In your book you say that corporal punishment is the only way to discipline a child. This goes against the wisdom of many other writers on this subject. Why do you advocate spanking?
Quite simply, because hundreds of years of historical evidence indicates that it’s the single most effective means of communicating parental displeasure and the consequences of misbehavior. This notion that you can bargain with a child without relinquishing the necessary upper hand in a parent/child relationship is utter hogwash. Children are brutal, unscrupulous, and relentless negotiators, and recognizing the distinction between behavior and misbehavior is critical from the moment an infant is born.
What do you say to those who call spanking abusive?
I’d say they’re dangerously naive. These are the people who have turned America’s children into a zombie army of overweight therapy drones. They’ve produced what I call “the unaccountable generation.” When it comes to the nature vs. nurture debate, believe me, nature wins every time. The nurtured child is the child that gets eaten alive when it is eventually thrown to the wolves.
Several other experts, including Dr. Phil, have called your methods “the ranting of an unqualified lunatic.” How do you respond?
I’d say that’s a case of the pot calling the kettle black. Dr. Phil is a charlatan of the sort this country has been producing—and rewarding with obscene wealth—with alarming frequency for far too long. One of his own children is married to a former Playboy bunny, and anyone who would take parenting advice from such an odious fraud is guilty in my mind of criminal child neglect. I’ve repeatedly offered to arm-wrestle Phil McGraw on the Oprah show, but thus far he has ignored my challenges and spared himself further humiliation.
You’re unmarried and don’t have any children of your own. How have you developed your approach?
You don’t have to build a banana to know how to peel and eat one. I was a staff sergeant in the United States Army for a decade. I bred and trained bloodhounds for almost twenty years. I’ve had more dinners, dates, holidays, and public outings ruined by the misbehavior of other people’s infants and children than I could even begin to count.

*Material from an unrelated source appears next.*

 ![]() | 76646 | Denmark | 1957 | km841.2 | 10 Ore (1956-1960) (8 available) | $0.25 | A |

You write that every child is born with “serious inherent defects,” yet others have argued that every child is born perfect. How are babies
defective?
Every baby is a constellation of defects, some of them unique to the individual child, others endemic to all infants—some might call this constellation of defects ‘human nature.’ Parenting is precisely the process by which these defects are eradicated and the child is trained to be a competent, responsible, and functioning adult. Show me a child who doesn’t learn conformity and strict obedience to authority in the home and I’ll show you a monster that hasn’t yet burst from the laboratory.

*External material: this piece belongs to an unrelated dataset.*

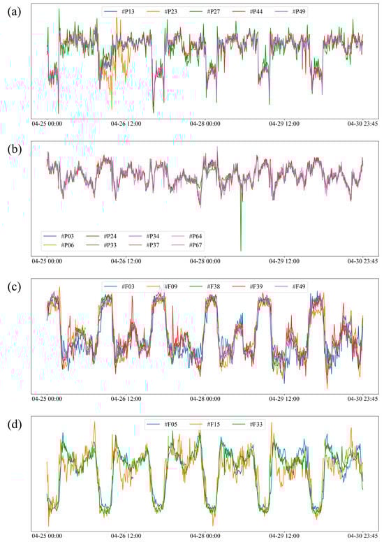 Figure 4 illustrates representative temporal sequences from four groups (pressure groups 7 and 8, flow groups 17 and 19). Sensors within the same group exhibit highly consistent variation trends, confirming the effectiveness of the grouping method. For example, in Figure 4a, sensor #P23 shows a sudden deviation around 26 April 12:00, differing from other sensors in its group—a sign of possible anomalies or local disturbances. Similarly, in Figure 4b, flow sensor #F24 shows an extreme short-lived spike compared with its group peers. These cases highlight the potential of sensor grouping to support anomaly detection and improve the interpretability of monitoring data.

How do you explain sex to a young child?
You don’t.
What would be the effect on society if all children’s spirits remained intact?
A nation of ‘enlightened’ depressives who buy their potatoes at co-ops and are prisoners to their increasingly disenchanted and depressed children. ‘Spirit’ is one of the most abused words in the English language, and what this world does not need at this moment in time are any more spirited—and spoiled—children. Deprivation and disappointment breed initiative, and what we desperately need are responsible, realistic kids who are fully prepared to take their licks and who recognize their place in a functional, moral, and civilized society. Dog eat dog, of course, implies that some dogs are going to be eaten. That, in a nutshell, is life, and it’s the essential message of both my books.